[Exercise instructions]:
Give back, exactly as written, the lines of the listing from the top through the line holding "7月26日上午,天氣時陰時晴", and nothing more. Exclude pictures.

[Dataset excerpt]:
════

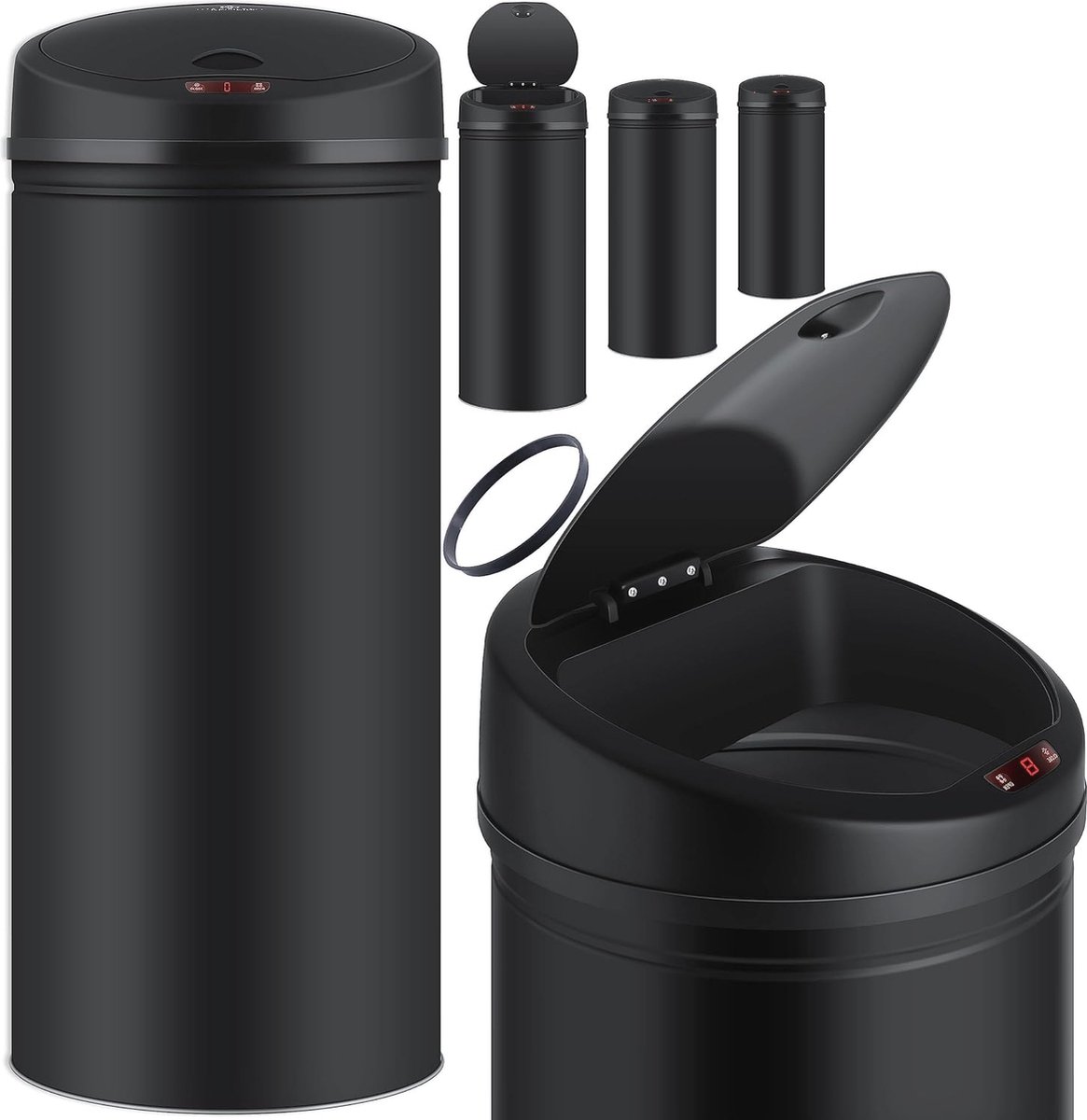 Deze automatische sensor vuilnisemmer van 30 liter maakt afvalverwerking eenvoudiger dan ooit. Dankzij de geavanceerde sensortechnologie opent en sluit het deksel automatisch waardoor je handen vrij blijven van het openen van de afvalemmer. De vuilnisemmer is gemaakt van geborsteld roestvrij staal en heeft een stijlvolle zwarte afwerking waardoor hij een aanvulling is op elke keuken of badkamer. De inbegrepen klemring houdt de vuilniszak op zijn plaats en de LED-functieweergave geeft aan wanneer de vuilnisemmer in gebruik is. Met een hoogte van 51 cm (gesloten) en een diameter van 36 cm is deze afvalemmer compact en functioneel. Perfect voor diegenen die een hygiënische en moderne oplossing voor hun afvalverwerking zoeken.
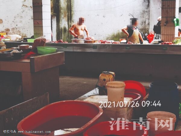 7月26日上午,天氣時陰時晴,雖然最高溫度在30度左右,但感覺不是很熱。上午9時43分,淮河早報、淮南網記者在土壩孜菜市場內看到,市場內人員往來不斷,在一肉攤處,有一光頭男子袒胸露腹,光著上半身在剁肉。大約半個多小時,一直到淮河早報、淮南網記者離開菜市場,該男子仍光著上半身。
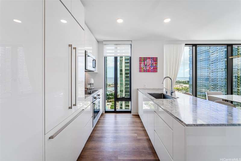 Experience luxury living at A’ali’i, where ocean views greet you the moment you enter. The rectangular shape “01” stack offers the only corner 2-bedroom, 2-bath units with floor to ceiling windows, allowing you to enjoy stunning views from the living room, kitchen and bedrooms. This fully furnished TURNKEY home designed by Rottet Studio includes its own 37 sq ft STORAGE ROOM on the 22nd floor, an EV charger equipped parking with extra overhead storage, an upgraded TOTO washlet, two walk in customized closets, Bosch appliances, and blackout shades in both bedrooms. A wide range of amenities including an outdoor sky deck, spacious gym, yoga room, BBQ areas, large pool and jacuzzi, event rooms, are all extensions of your living space. A’ali’i represents luxurious, sustainable, and well-designed living in one of the most sought-after locations at Ward Village in Honolulu.
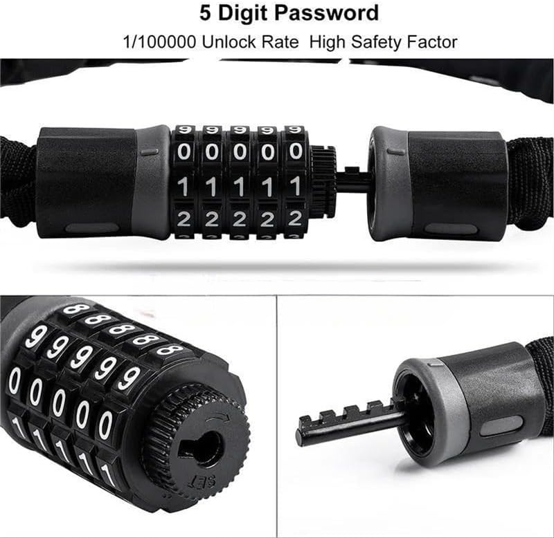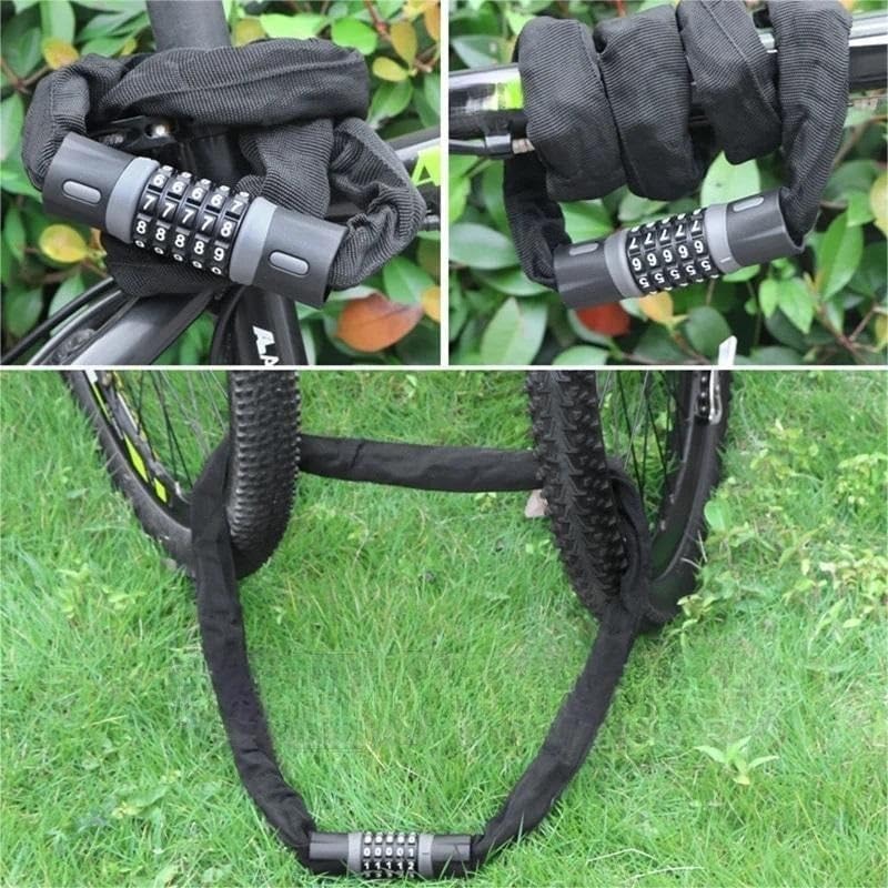 Αλυσίδα κλειδώματος ποδηλάτου με κωδικό ασφαλείας 5 ψηφίων, ατσάλινη, με υφασμάτινη προστατευτική επένδυση για να μην χαράζει την ζάντα.Μήκος: 120cmΠάχος αλυσίδας: 1.8cm

════

[Solution for this problem]:
 Deze automatische sensor vuilnisemmer van 30 liter maakt afvalverwerking eenvoudiger dan ooit. Dankzij de geavanceerde sensortechnologie opent en sluit het deksel automatisch waardoor je handen vrij blijven van het openen van de afvalemmer. De vuilnisemmer is gemaakt van geborsteld roestvrij staal en heeft een stijlvolle zwarte afwerking waardoor hij een aanvulling is op elke keuken of badkamer. De inbegrepen klemring houdt de vuilniszak op zijn plaats en de LED-functieweergave geeft aan wanneer de vuilnisemmer in gebruik is. Met een hoogte van 51 cm (gesloten) en een diameter van 36 cm is deze afvalemmer compact en functioneel. Perfect voor diegenen die een hygiënische en moderne oplossing voor hun afvalverwerking zoeken.
 7月26日上午,天氣時陰時晴,雖然最高溫度在30度左右,但感覺不是很熱。上午9時43分,淮河早報、淮南網記者在土壩孜菜市場內看到,市場內人員往來不斷,在一肉攤處,有一光頭男子袒胸露腹,光著上半身在剁肉。大約半個多小時,一直到淮河早報、淮南網記者離開菜市場,該男子仍光著上半身。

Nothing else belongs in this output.